Hyperparameter selection

An essential part of STNMF is to chose a suitable parameter for sparsity regularization, because sparsity is an integral part of semi-NMF to produce a parts-based decomposition [1]. The sparsity is applied to the module matrix of STNMF, such that low-magnitude pixel values are penalized and set to zero. Along with the non-negativity constraint, this encourages sparse representations.

Careful selection of the sparsity weight results in localized subunits, and depends on the dimensionality of the data and its contamination with noise. Because of similarities in their response properties, hyperparameter selection of sparsity may be similar for cells of the same functional type [2].

Consensus analyses

Consensus analyses are employed to aid in finding suitable sparsity weights. It is integrated into STNMF using Callbacks.

We start with the effective spike-triggered stimulus ensemble (STE) stored in the variable ste from the Examples.

>>> import numpy as np
>>> ds = np.DataSource(None)
>>> ste = np.load(ds.open('https://github.com/gollischlab/STNMF_with_AFHALS/files/13480212/ste.zip', 'rb'))['ste']

We will use the STNMF algorithm and the consensus callback.

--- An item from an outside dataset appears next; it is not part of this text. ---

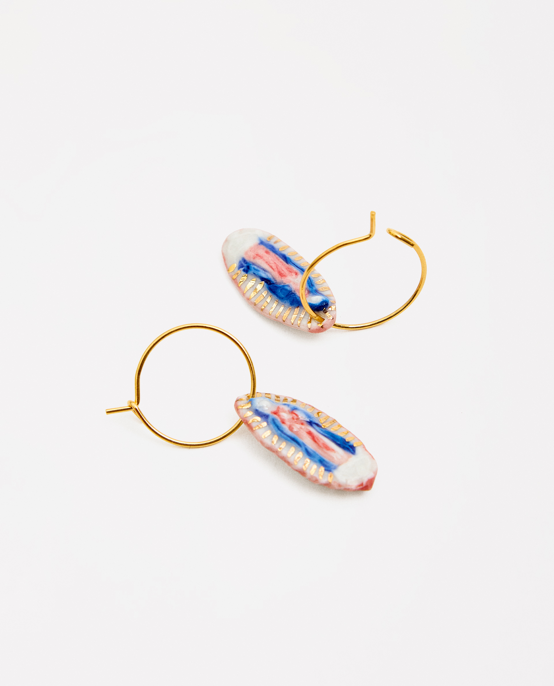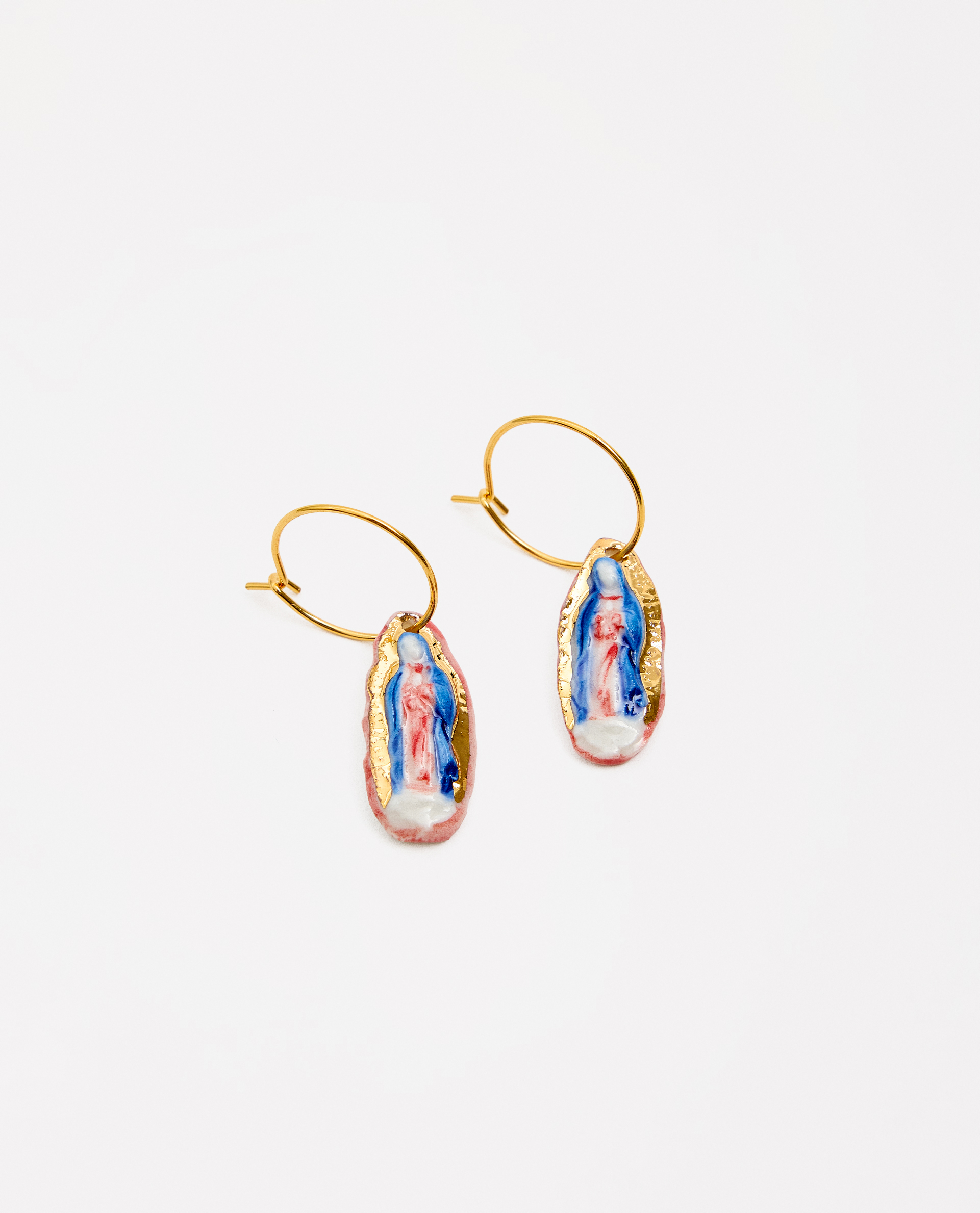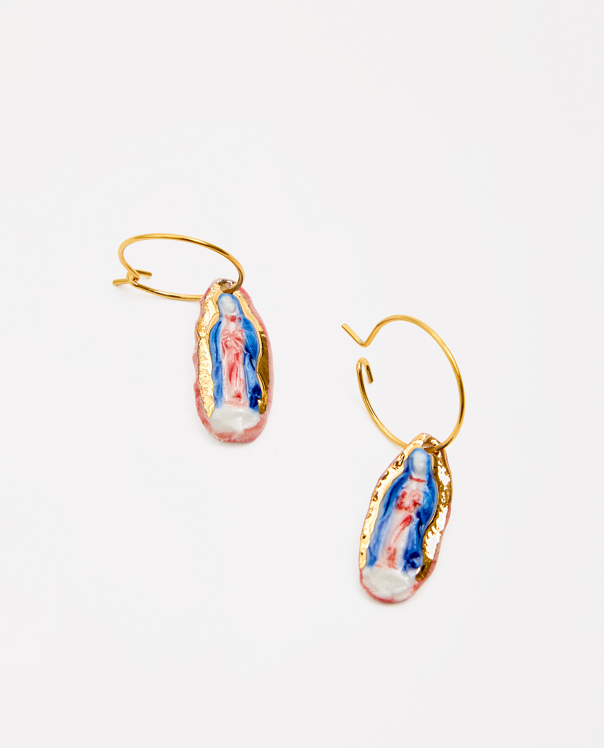 Pendientes arito Virgen de Guadalupe, modelada y pintada a mano, realizada en PORCELANA, cocida a 1230 grados y lustrada en ORO.

>>> from stnmf import STNMF
>>> from stnmf.callbacks import consensus

The callback will execute the STNMF algorithm for different sparsity parameter values and return the results as cophenetic correlation coefficients in a Python dictionary. To access the results afterwards, this dictionary needs to be created beforehand.

>>> results = dict()

Then, the normal use of STNMF is extended with supplying both the callback function and the results directory. Furthermore, we specify the desired sparsity values to probe in the callback_kwargs. Note that we do not need to store the created STNMF object, as we are only interested in the consensus method results.

>>> STNMF(ste, callback=consensus, callback_data=results,
...       callback_kwargs=dict(sparsities=[0, 0.5, 1, 1.5, 2]))
Consensus analysis: 100%|████████████████████| 5/5 [17:36<00:00, 207.65s/parameter, sparsity=2]
        Repetition: 100%|████████████████████| 30/30 [02:42<00:00, 5.57s/rep, seed=29]
   Sparse semi-NMF: 100%|████████████████████| 1000/1000 [00:05<00:00, 172.94it/s]

Warning

Leaving the other callback arguments at their defaults will run the STNMF algorithm 30 times for each sparsity value, that is here a total of 30 x 5 sparsity values = 150 runs of STNMF.

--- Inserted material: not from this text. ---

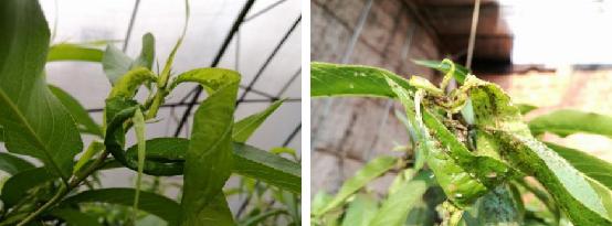 蚜蟲主要為害桃樹幼嫩枝葉,春季當桃樹發芽展葉時,蚜蟲聚集桃樹嫩枝和新葉上,用細長的口針刺入植物組織內部吮吸汁液,桃葉受害后呈現黑點、紅色或黃色斑點,葉卷曲皺縮,導致葉片干枯或提前脫落,嚴重影響桃樹枝葉正常生長。同時蚜蟲排泄的蜜露、污染葉面及枝梢,使桃樹生理活動受阻,常造成煙煤病,同時加速桃葉早期落葉。
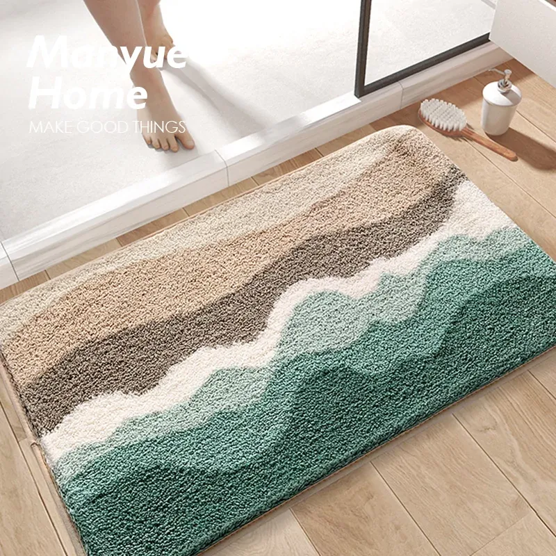 吸水性抜群!バスルーム・トイレ用滑り止めマット - 蔓越家の快適な家庭用エントランスマットで、洗面所や浴室の足元をしっかりサポート!おしゃれで安心のトイレマットで、清潔感あふれる空間を演出。

More parameters are described in stnmf.callbacks.consensus().

The stability of the decomposition for each sparsity is quantified as the cophenetic correlation coefficient and is found in the directory results.

>>> results['cpcc']
array([0.22871876, 0.6855058 , 0.9002583 , 0.96028996, 0.95667326],
  dtype=float32)

More information on the hyperparameter selection using consensus analyses is described in detail elsewhere [2].